Tuesday, December 13, 2011

The Slow Road to Yuanization

How can it be that the state is not giving the North Korean people distribution, rice costs 5,000 North Korean won per kilo, the Chinese Yuan is trading for up to 1,000 North Korean won in some markets, and yet nobody appears to be starving?


This, in essence, is the conundrum troubling North Korea watchers today.


Some are really concerned. Here's Joo Seong Ha of North Korea Real Talk (from Ask a Korean!);
The price of rice in North Korea is not cheap even compared to South Korea's rice price. Unless it comes from an expensive brand, the price of rice in South Korea is under $2 per kilo. In other words, North Korean rice price is around half of South Korean rice price. Considering the huge disparity between the incomes of North and South Korea, the fact that North Koreans buy rice at this price is astonishing.
Joo believes that there is at least the risk that these rapidly rising prices portend impending famine. But, whether or not he is correct, it is certainly noticeable that his concerns are rooted more in the fact that he cannot assimilate the situation in any other way given the evidence available to him than because he has actual evidence of encroaching devastation. He continues;
In the spring of 1995, in Pyongyang, I saw the rice price going from 50 won per kilo to 200 won per kilo in just two or three months. And then two or three months later, mass starvation deaths began to occur everywhere in North Korea, and the regime declared the March of Struggle. But it is the fall right now, when rice just finished getting harvested -- and the price is already rising. I would rest a little easier if someone could explain to me that this is not a repeat of 1995.
Admittedly, his worries seem on the prima facie evidence available to be valid. 5,000 North Korean won per kilo is not a sustainable price for people earning around 5,000 North Korean won per month, after all. 


So what's the deal? 


Obviously nobody is saying there is no hunger. There presumably is. Similarly, it is not that Mr. Joo is wrong. No; instead, I wonder whether he and many others are looking at the wrong signal. In other words, I wonder whether the Yuan has become so overwhelmingly ubiquitous that North Korea has become the first ever 'Yuanized' state, and that, as a result, the price of rice denominated in North Korean won is becoming irrelevant because the buyers buy and the sellers sell in Chinese Yuan, and almost nobody is prepared to keep their savings in domestic currency. 
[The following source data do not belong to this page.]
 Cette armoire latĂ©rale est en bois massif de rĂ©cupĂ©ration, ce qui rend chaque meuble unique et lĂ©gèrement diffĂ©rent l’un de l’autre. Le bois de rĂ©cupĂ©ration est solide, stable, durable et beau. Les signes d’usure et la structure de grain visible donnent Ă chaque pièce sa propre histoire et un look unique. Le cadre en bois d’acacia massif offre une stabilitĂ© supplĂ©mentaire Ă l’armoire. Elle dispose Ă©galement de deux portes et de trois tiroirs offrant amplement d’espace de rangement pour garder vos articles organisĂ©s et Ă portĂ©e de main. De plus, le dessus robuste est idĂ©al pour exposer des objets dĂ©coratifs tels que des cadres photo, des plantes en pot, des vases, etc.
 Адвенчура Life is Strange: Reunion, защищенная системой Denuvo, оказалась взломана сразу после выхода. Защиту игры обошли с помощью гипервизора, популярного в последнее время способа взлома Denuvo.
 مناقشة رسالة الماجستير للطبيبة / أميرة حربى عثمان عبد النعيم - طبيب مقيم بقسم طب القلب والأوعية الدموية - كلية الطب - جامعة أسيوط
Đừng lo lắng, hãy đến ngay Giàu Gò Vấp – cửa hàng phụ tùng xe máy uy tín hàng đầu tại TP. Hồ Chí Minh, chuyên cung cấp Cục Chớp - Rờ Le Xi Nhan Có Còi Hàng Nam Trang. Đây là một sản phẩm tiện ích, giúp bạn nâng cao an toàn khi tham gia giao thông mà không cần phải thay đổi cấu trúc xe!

Were that to be the case, while it may suit the media to devote column inches to the skyrocketing price of rice, if few people are actually paying in that currency, then it is irrelevant, isn't it?
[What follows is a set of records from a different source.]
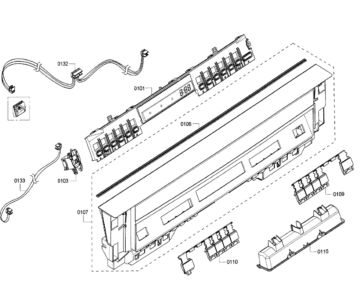 The Control Unit is an OEM part for Bosch dishwashers. It contains the electronic components responsible for operating and monitoring all dishwasher functions and cycles.
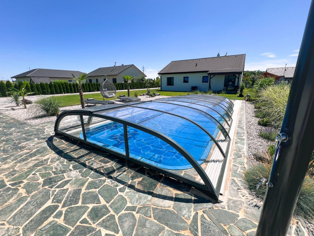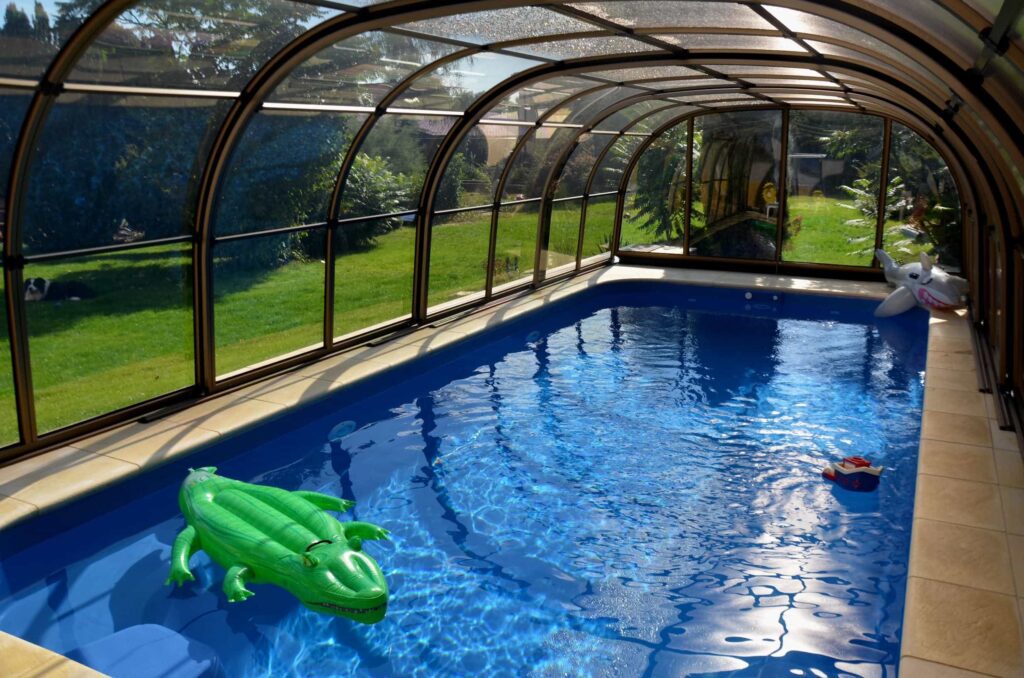 Na druhou stranu jde o cenově nejdostupnější variantu celoročního zastřešení bazénu a když se uskromníte, zvládnete se pod krytem i svléknout do plavek.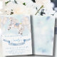 Horse-themed birthday invitation featuring illustration of a lovely baby white magic horse and Watercolor fairytale gold stars with pastel colours balloons and blue ribbon for celebration!

However, that is not precisely cause for celebration either, for if the government keeps forcing those parts of the economy it still controls to operate on North Korean won then there may well be a great deal of hunger and possible starvation, just as Mr. Joo predicted. This fits well with the narrative of a degraded and hungry military that has been a feature of analysis for some time. Equally, it will come as no comfort whatsoever to the "vulnerable people who have no access to the market" or those charged with providing aid to those people, and equally the statement, "helping the completely helpless in a state with no social safety net nor obvious desire to help its own people is something that only aid can realistically do at this point," also appears doomed to remain true for the foreseeable future.